Carotid body sensing of systemic inflammation contributes to recruitment of the splanchnic anti-inflammatory pathway

• Systemic LPS increases splanchnic sympathetic nerve activity. • Carotid body ablation attenuates LPS-induced splanchnic sympathetic activation. • Disruption of carotid body input or splanchnic sympathetic outflow exacerbates LPS-induced inflammatory responses. • LPS drives RVLM neuronal activation in a carotid body–dependent manner. • Carotid bodies act as peripheral inflammatory sensors required for full engagement of the splanchnic anti-inflammatory pathway.
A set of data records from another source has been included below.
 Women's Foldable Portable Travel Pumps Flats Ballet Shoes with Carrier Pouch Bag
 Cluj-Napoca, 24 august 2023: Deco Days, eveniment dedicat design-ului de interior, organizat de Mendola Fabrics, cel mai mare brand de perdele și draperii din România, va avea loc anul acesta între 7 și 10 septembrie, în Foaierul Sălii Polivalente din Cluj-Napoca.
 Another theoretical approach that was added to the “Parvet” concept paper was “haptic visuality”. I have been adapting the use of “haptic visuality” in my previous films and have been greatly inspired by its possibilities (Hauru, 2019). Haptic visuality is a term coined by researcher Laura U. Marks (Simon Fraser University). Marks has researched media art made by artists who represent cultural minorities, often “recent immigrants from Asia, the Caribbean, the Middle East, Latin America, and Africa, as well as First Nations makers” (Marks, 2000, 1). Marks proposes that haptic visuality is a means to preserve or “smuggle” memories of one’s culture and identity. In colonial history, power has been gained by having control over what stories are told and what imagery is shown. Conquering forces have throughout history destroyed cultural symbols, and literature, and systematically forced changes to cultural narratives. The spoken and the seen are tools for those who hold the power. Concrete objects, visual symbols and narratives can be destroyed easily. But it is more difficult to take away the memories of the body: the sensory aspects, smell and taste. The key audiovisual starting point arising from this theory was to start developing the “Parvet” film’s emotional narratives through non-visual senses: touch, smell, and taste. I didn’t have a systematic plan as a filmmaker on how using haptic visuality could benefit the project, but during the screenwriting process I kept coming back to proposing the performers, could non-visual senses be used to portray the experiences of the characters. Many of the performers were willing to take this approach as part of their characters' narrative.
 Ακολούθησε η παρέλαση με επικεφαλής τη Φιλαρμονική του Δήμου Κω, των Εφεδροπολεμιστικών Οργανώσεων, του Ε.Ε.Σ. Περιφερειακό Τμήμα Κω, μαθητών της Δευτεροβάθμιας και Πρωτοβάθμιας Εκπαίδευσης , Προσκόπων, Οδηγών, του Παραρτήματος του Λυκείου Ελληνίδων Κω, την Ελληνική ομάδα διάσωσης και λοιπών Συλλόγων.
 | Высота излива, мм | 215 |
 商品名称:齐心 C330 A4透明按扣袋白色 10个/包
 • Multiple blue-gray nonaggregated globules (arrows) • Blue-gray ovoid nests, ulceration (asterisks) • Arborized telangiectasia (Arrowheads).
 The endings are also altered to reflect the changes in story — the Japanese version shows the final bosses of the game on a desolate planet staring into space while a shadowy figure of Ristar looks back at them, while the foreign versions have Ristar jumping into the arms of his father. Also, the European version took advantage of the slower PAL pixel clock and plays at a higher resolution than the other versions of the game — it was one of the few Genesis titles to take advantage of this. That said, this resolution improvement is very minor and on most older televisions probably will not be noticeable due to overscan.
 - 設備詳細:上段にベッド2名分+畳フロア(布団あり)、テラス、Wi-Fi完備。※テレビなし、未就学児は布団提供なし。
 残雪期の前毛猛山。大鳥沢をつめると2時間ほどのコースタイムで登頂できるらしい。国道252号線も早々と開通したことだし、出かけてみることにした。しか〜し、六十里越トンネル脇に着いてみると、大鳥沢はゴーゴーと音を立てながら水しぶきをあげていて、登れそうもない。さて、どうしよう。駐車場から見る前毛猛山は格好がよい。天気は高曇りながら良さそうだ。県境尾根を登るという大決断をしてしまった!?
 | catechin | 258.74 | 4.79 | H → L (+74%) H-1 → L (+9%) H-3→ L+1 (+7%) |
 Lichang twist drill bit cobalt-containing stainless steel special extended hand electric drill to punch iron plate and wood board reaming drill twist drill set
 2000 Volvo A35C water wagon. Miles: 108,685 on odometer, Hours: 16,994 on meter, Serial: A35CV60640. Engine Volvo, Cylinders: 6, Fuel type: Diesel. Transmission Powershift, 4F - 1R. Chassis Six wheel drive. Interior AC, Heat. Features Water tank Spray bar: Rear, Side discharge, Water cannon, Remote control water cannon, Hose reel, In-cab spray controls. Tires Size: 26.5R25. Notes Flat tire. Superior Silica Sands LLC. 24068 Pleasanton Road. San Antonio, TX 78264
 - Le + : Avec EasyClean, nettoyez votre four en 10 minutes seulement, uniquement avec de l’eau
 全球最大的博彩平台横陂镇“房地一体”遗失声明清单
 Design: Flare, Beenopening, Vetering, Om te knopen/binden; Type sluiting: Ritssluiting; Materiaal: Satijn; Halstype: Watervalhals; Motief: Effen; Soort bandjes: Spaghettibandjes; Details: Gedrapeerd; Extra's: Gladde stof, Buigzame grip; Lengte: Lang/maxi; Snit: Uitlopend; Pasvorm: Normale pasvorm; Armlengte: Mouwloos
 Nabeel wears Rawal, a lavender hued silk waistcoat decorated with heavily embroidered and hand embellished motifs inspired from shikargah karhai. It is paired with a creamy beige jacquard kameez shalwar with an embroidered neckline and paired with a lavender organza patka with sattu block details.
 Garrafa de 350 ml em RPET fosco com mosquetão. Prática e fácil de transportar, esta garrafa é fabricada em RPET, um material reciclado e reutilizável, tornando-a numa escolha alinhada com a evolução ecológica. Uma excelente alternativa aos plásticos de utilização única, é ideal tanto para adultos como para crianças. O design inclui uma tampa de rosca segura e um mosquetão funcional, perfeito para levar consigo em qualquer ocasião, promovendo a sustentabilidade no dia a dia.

Systemic inflammation engages autonomic reflexes that modulate immune responses, yet the peripheral sensors and central circuits responsible for recruiting sympathetic anti-inflammatory pathways remain incompletely defined. Here, we identify the carotid bodies as critical afferent sensors required for full engagement of a splanchnic sympathetic reflex during endotoxemia. Using in vivo splanchnic sympathetic nerve activity recordings, cytokine measurements, and brainstem neuronal mapping, we show that intraperitoneal injection of lipopolysaccharide (LPS) activates splanchnic sympathetic outflow and neurons within the rostral ventrolateral medulla (RVLM). Bilateral carotid body ablation markedly attenuated LPS-induced splanchnic sympathetic activation, reduced RVLM neuronal activation, and shifted cytokine responses toward a pro-inflammatory profile characterized by increased TNF-α and reduced IL-10 levels in plasma and spleen. Disruption of splanchnic efferent signaling similarly exacerbated inflammatory cytokine responses. Together, these findings suggest a carotid body–RVLM–splanchnic axis linking peripheral inflammatory signal detection to autonomic control of immune function during systemic inflammation.